• Work instructions
All that is needed is an exact repetition of the lines from the one containing "Z možaum sta se zdala 1971. leta" through the final line of the material, without pictures.
___ Listed records ___
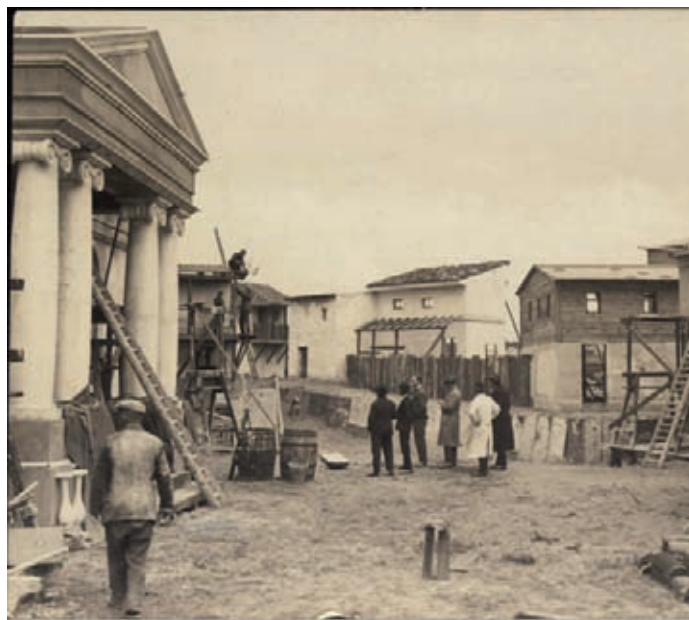
Fig. 2.- Decorados de los estudios de la UFA (Alemania, años veinte), Fotografía anónima. Archivo Life.

Es menester recordar que el cine nació en 1895 por obra de Lumière como género documental, estrechamente emparentado por ello con la práctica de la fotografía documental y monocroma de la época (paisajista, costumbrista, periodística, etnográfica, etc.). En cierto modo, la producción documental de Lumière puede considerarse como una prolongación cinética de la práctica fotográfica documental de finales del siglo XIX [...] La tradición historiográfica ha convertido a Méliès en fundador, maestro y modelo estilístico del llamado «teatro filmado» [...] Hombre de teatro y prestidigitador, el francés Georges Méliès ha pasado a la historia como el inventor del nuevo estatuto del cine inmediatamente posterior a Lumière, gracias a su triple invención: la puesta en escena, el cine narrativo, el cine concebido como espectáculo popular. 7
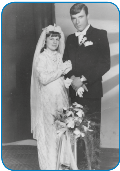
Z možaum sta se zdala 1971. leta

bilau, po meši smo k njej šli na obed. Müve s sestrov sva nagnauk bile na potrdjavanji, zavolo tau-ga je z menov oča üšo na obed,
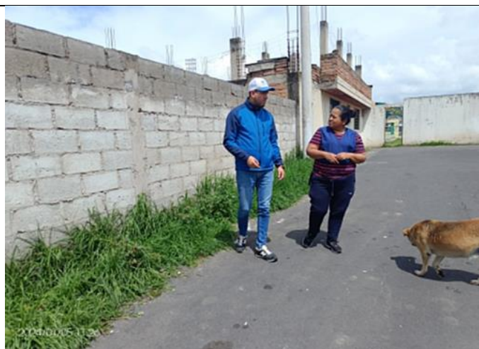
Fotografía 1. Entrega de notificaciones para la limpieza de los frentes de cada propiedad en el barrio Florida I.
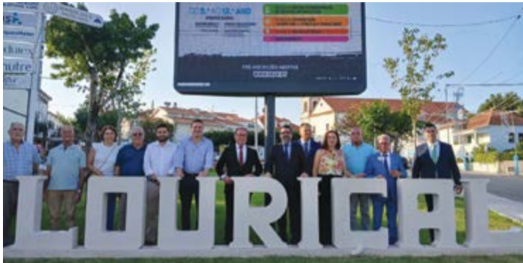
• Autarcas e convidados junto às letras que identificam a vila

Autarca acredita que o evento se consolidou Festas do Louriçal superaram todas as expectativas
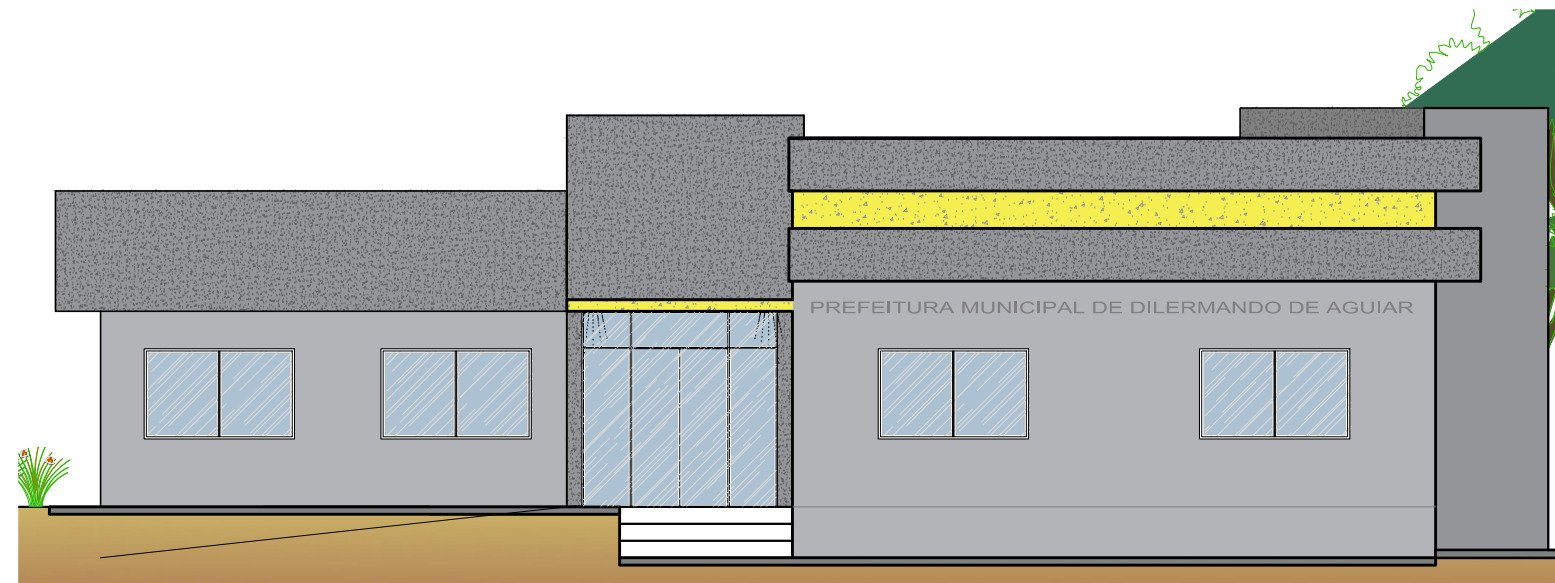
FACHADA FRONTAL Escala 1/100
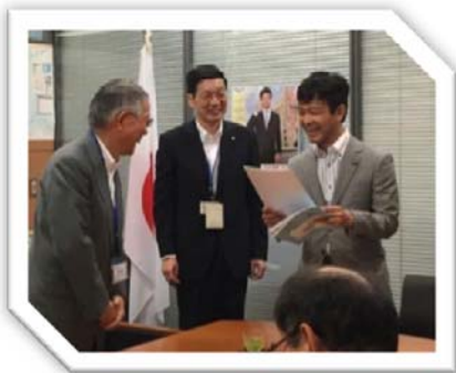
平成27年7月29日 議員会館 薩摩川内市長から和やかに要請を受ける
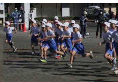
【全力で走った 持久走大会】
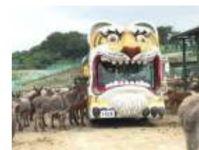
岩手サファリパーク
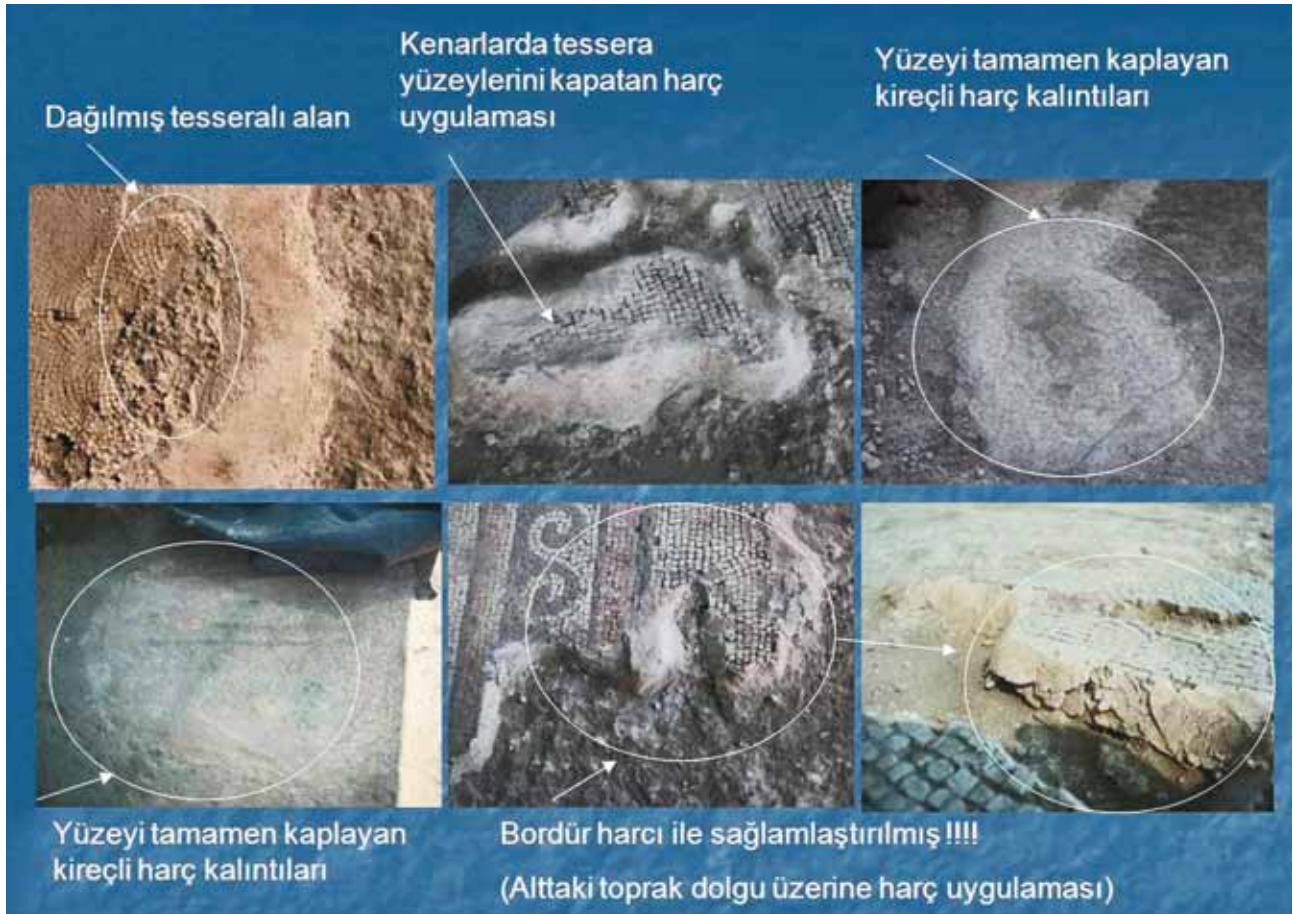
Fig. 9 Urfa Haleplibahçe mozaikleri, ikinci (2008) onarım hataları
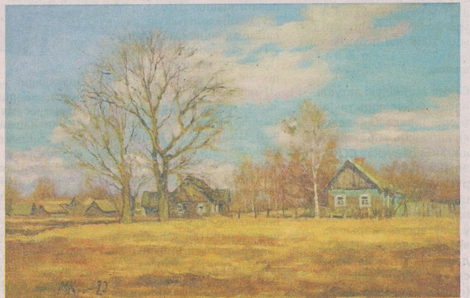
Міхаіл Крот «Вясна на старой вуліцы», 2020 г.

Амаль фатаграфічным і поўным розных адценняў атрымаўся «Сапраўдны захад сонца» (2021) Інгі Карашкевіч. Здавалася б, «правільны», стрыманы, гарманічны кампазіцыйна пейзаж без асаблівых дэталю і акцэнтаў... Аднак ён здольны пазмагацца за ўвагу гледача: колерам, святлом і, галоўнае, настроём.
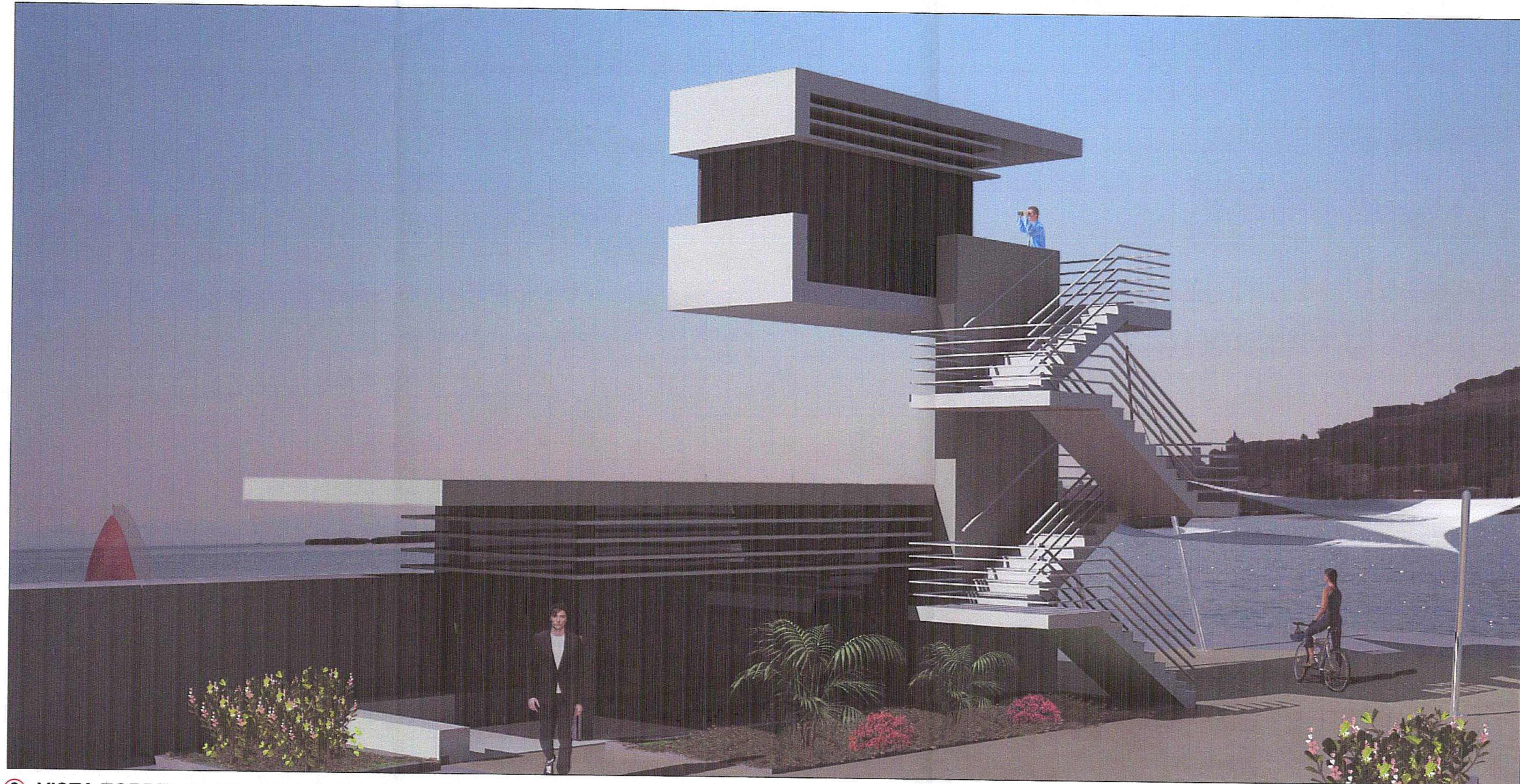
3- VISTA TORRE DI CONTROLLO TC
___
• Solution to this task
Z možaum sta se zdala 1971. leta

bilau, po meši smo k njej šli na obed. Müve s sestrov sva nagnauk bile na potrdjavanji, zavolo tau-ga je z menov oča üšo na obed,
Fotografía 1. Entrega de notificaciones para la limpieza de los frentes de cada propiedad en el barrio Florida I.
• Autarcas e convidados junto às letras que identificam a vila

Autarca acredita que o evento se consolidou Festas do Louriçal superaram todas as expectativas
FACHADA FRONTAL Escala 1/100
平成27年7月29日 議員会館 薩摩川内市長から和やかに要請を受ける
【全力で走った 持久走大会】
岩手サファリパーク
Fig. 9 Urfa Haleplibahçe mozaikleri, ikinci (2008) onarım hataları
Міхаіл Крот «Вясна на старой вуліцы», 2020 г.

Амаль фатаграфічным і поўным розных адценняў атрымаўся «Сапраўдны захад сонца» (2021) Інгі Карашкевіч. Здавалася б, «правільны», стрыманы, гарманічны кампазіцыйна пейзаж без асаблівых дэталю і акцэнтаў... Аднак ён здольны пазмагацца за ўвагу гледача: колерам, святлом і, галоўнае, настроём.
3- VISTA TORRE DI CONTROLLO TC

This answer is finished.